Find a 3x3 Matrix such that....

[Jtechguy21]

Homework Statement

Find a non zero matrix(3x3) that does not have

in its range. Make sure your matrix does as it should.

The Attempt at a Solution

[/B]
I know a range is a set of output vectors, Can anyone help me clarify the question?
I'm just not sure specifically what its asking of me, in regards to the matrix I am looking for.

 

[HallsofIvy]

You are asked to find a 3 by 3 matrix, A, such that Ax is NOT equal to \begin{bmatrix} 1 \\ 2 \\ 3 \end{bmatrix} for any x. This does not have a single correct aswer. The trivial solution, the zero matrix, would be such a matrix because the zero matrix times any x is the 0 vector- but that is specifically excluded- you must give a "non-zero" matrix. There are still an infinite number of such matrices. What about a matrix that makes the first component of any vector 0? Or the second or third component? (But not all three).

 

[Ray Vickson]

Homework Statement

Find a non zero matrix(3x3) that does not have

in its range. Make sure your matrix does as it should.

The Attempt at a Solution

[/B]
I know a range is a set of output vectors, Can anyone help me clarify the question?
I'm just not sure specifically what its asking of me, in regards to the matrix I am looking for.
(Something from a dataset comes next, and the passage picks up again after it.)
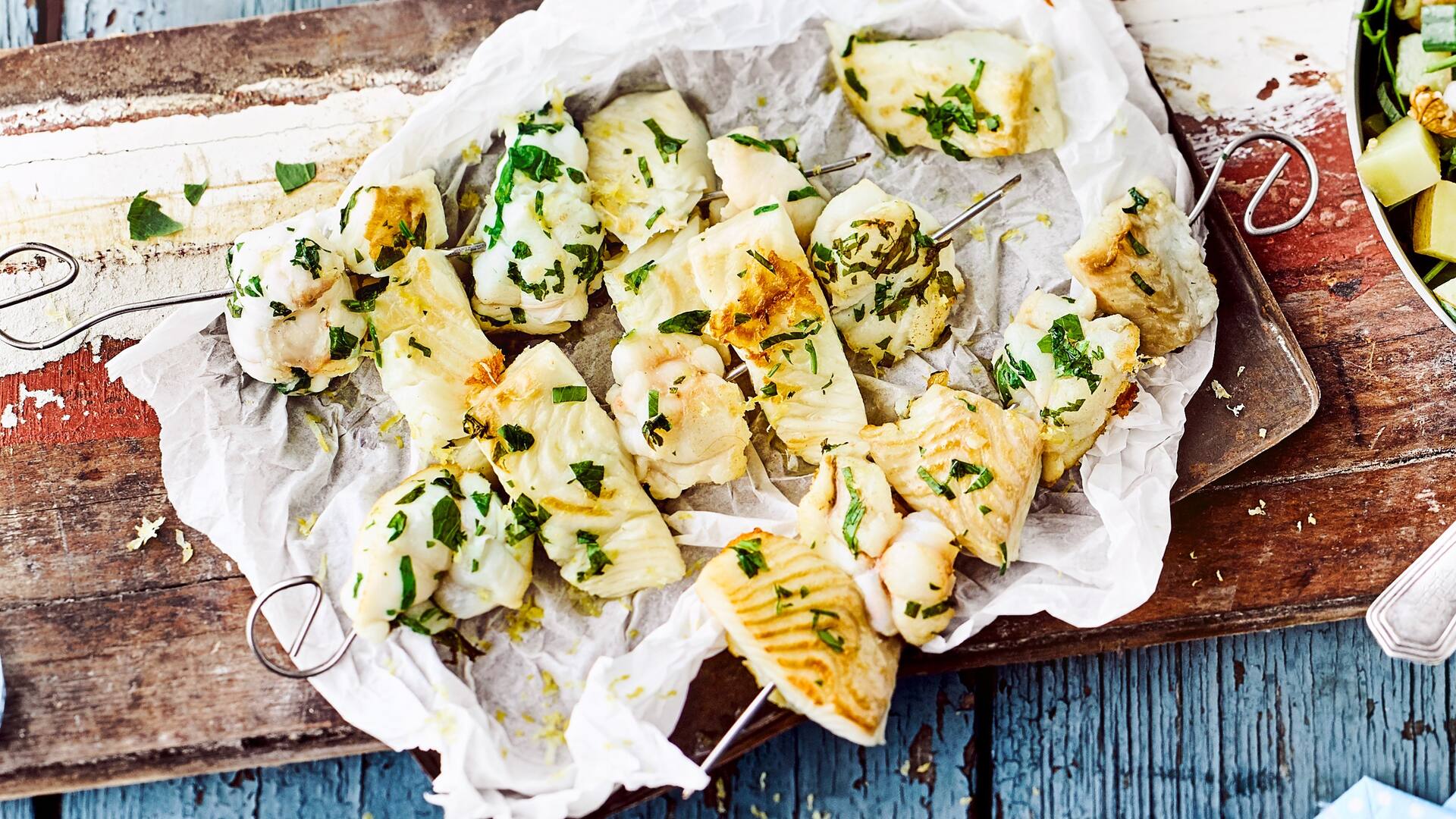 delikaten Fischspieße etwa können Sie auch Leng verwenden. Beim Zubereiten von Lengfisch ist das richtige Filetieren wichtig, um die Gräten auch bei kleinen Exemplaren einfach entfernen zu können. Teilen Sie das per V-Schnitt entfernte Filet an der dicken Stelle und schneiden Sie dann die Gräten weg. Die dünnen Filets sind paniert und in Butter ausgebraten ein Genuss – und lassen sich übrigens auch gut zu

You are being asked to find a $3 \times 3$ matrix $A$ for which the vector $\vec{r} = \langle 1,2,3 \rangle^T$ (transpose) is an impossible output; that is, you want$A \vec{x} \neq \vec{r}$ for ALL input vectors $\vec{x} \in R^3$.

 

[Jtechguy21]

We haven't learned about tranpose yet in class(but i just briefly looked it up right now)

What is the purpose of taking the transpose of the the column vector 1 2 3 in this case?

So I find this A= 3x3 matrix that when I multiply it by any column vector(x,y,z) the ouput does not equal r<1,2,3>T is this correct?

 

[Ray Vickson]

We haven't learned about tranpose yet in class(but i just briefly looked it up right now)

What is the purpose of taking the transpose of the the column vector 1 2 3 in this case?

So I find this A= 3x3 matrix that when I multiply it by any column vector(x,y,z) the ouput does not equal r<1,2,3>T is this correct?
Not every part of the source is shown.